求 e {In x – 2ln y}的简单表达式
数学不仅与数字有关,而且与涉及数字和变量的不同计算有关。这就是基本上被称为代数的东西。代数被定义为涉及由数字、运算符和变量组成的数学表达式的计算的表示。数字可以是 0 到 9,运算符是数学运算符,如 +、-、×、÷、指数等,变量如 x、y、z 等。
指数和幂
指数和幂是数学计算中使用的基本运算符,指数用于简化涉及多次自乘的复杂计算,自乘基本上是数字与自身相乘。例如,7 × 7 × 7 × 7 × 7,可以简单地写成 7 5 。这里,7 是基值,5 是指数,值为 16807。11 × 11 × 11,可以写为 11 3 ,这里,11 是基值,3 是 11 的指数或幂。 11 3是 1331。

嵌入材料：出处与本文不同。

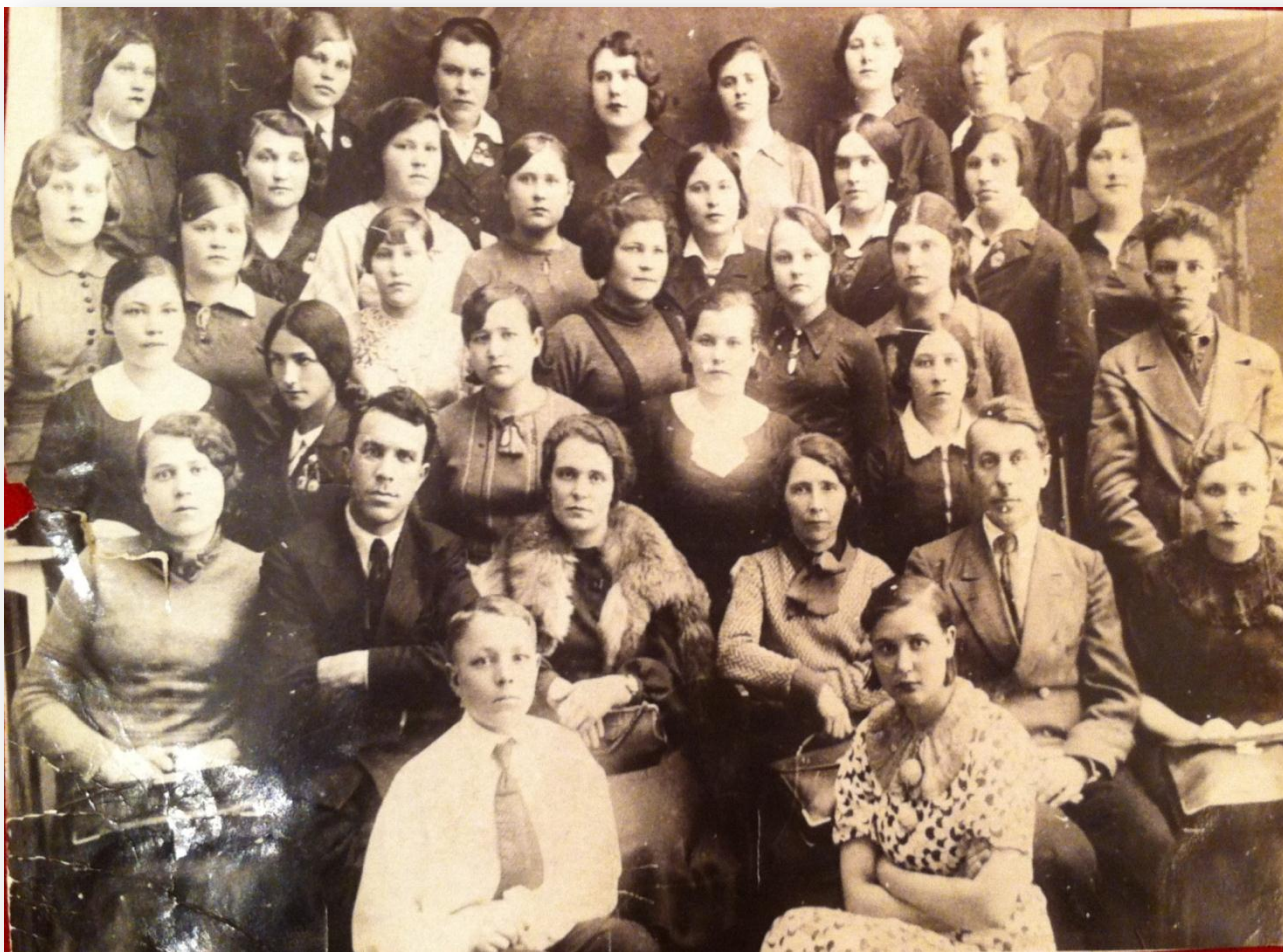
1938г.- Первый выпуск специалистов Фармацевтической школы - 30 человек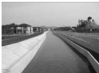
国営総合農地防災事業 新濃尾地区 (工期 H10～26)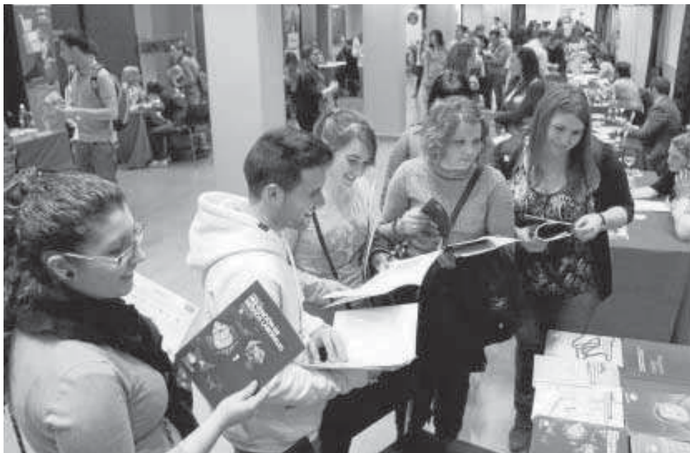
Varios jóvenes en una de las ediciones pasadas de la Feria Internacional de Estudios de Posgrado.

指数被定义为一个数字的幂,它乘以自身的次数。如果表达式写成 cx y其中 c 是常数,c 将是系数,x 是底数,y 是指数。如果一个数 p 乘以 n 次,n 将是 p 的指数。它将被写为
p × p × p × p … n 次 = p n
指数的基本规则
为了求解指数表达式以及其他数学运算,为指数定义了一些基本规则,例如,如果有两个指数的乘积,则可以简化以使计算更容易,称为乘积规则,让我们看一下指数的一些基本规则,
- 乘积规则 ⇢ a n × a m = a n + m
- 商规则 ⇢ a n / a m = a n – m
- 幂律 ⇢ (a n ) m = a n × m或m √a n = a n/m
- 负指数规则 ⇢ a -m = 1/a m
- 零规则 ⇢ a 0 = 1
- 一条规则 ⇢ a 1 = a
对数的基本规则
在数学中,对数被定义为指数的倒数。对数计算重复乘法中相同因子的出现次数。例如,10000 = 10 × 10 × 10 × 10 = 10 4 ,在这种情况下,10000 的以 10 为底的对数是 4。以下是一些最基本的对数规则,
- 乘积规则 ⇢ log b mn = log b m + log b n
- 商规则 ⇢ log b m/n = log b m – log b n
- 幂律 ⇢ log b m p = plog b m
- 等式规则 ⇢ 如果 log b m = log b n。那么,m = n
求 e {In x – 2ln y}的简单表达式
解决方案:
As it is clearly seen, the entire problem statement is asking for a simplification using exponent rules and basic logarithmic rules, looking at the expression e{In x-2ln y}, it is observed that the power rule of logarithms can be easily applied to this expression,
Power Rule ⇢ logb mp = plogb m
e{In x-2ln y} = e{In x – ln y2}
Apply the quotient rule of exponents.
Quotient Rule ⇢ an / am = an – m
e{In x-ln y2} = elnx / elny2
= x / y2
Therefore, x / y2 is the value obtained.
类似问题
问题1:什么是10m 5 (3m 7 )?
解决方案:
As it is clearly seen, the entire problem statement is asking for a simplification using exponent rules, looking at the expression 10m5(3m7), it is observed that the product rule of exponents can be easily applied to this expression,
Step 1: Remove the parenthesis and write terms with their exponents.
10m5(3m7) = 10m5 × 3m7
Step 2: Apply the product rule of exponents.
Product Rule ⇢ an × am = an + m
10m5 × 3m7 = 10 × 3m(5 + 7)
Therefore, 30m12 is the value obtained.
问题 2:化简 (x 10 )(x 2 )
解决方案:
As it is clearly seen, the entire problem statement is asking for a simplification using exponent rules, looking at the expression (x10)(x2), it is observed that the product rule of exponents can be easily applied to this expression,
Product Rule ⇢ an × am = an + m
x10 × x2 = x(10 + 2)
= x12
Therefore, x12 is the value obtained.
问题 3:化简 e {6In x – 5ln y}
解决方案:
As it is clearly seen, the entire problem statement is asking for a simplification using exponent rules and basic logarithmic rules, looking at the expression e{6In x-5ln y}, it is observed that the power rule of logarithms can be easily applied to this expression,
Power Rule ⇢ logb mp = plogb m
e{6In x – 5ln y} = e{In x6 – ln y5}
Apply the quotient rule of exponents.
Quotient Rule ⇢ an / am = an – m
e{In x6 – ln y5} = elnx6 / elny2
= x6 / y5
Therefore, x6 / y5 is the value obtained.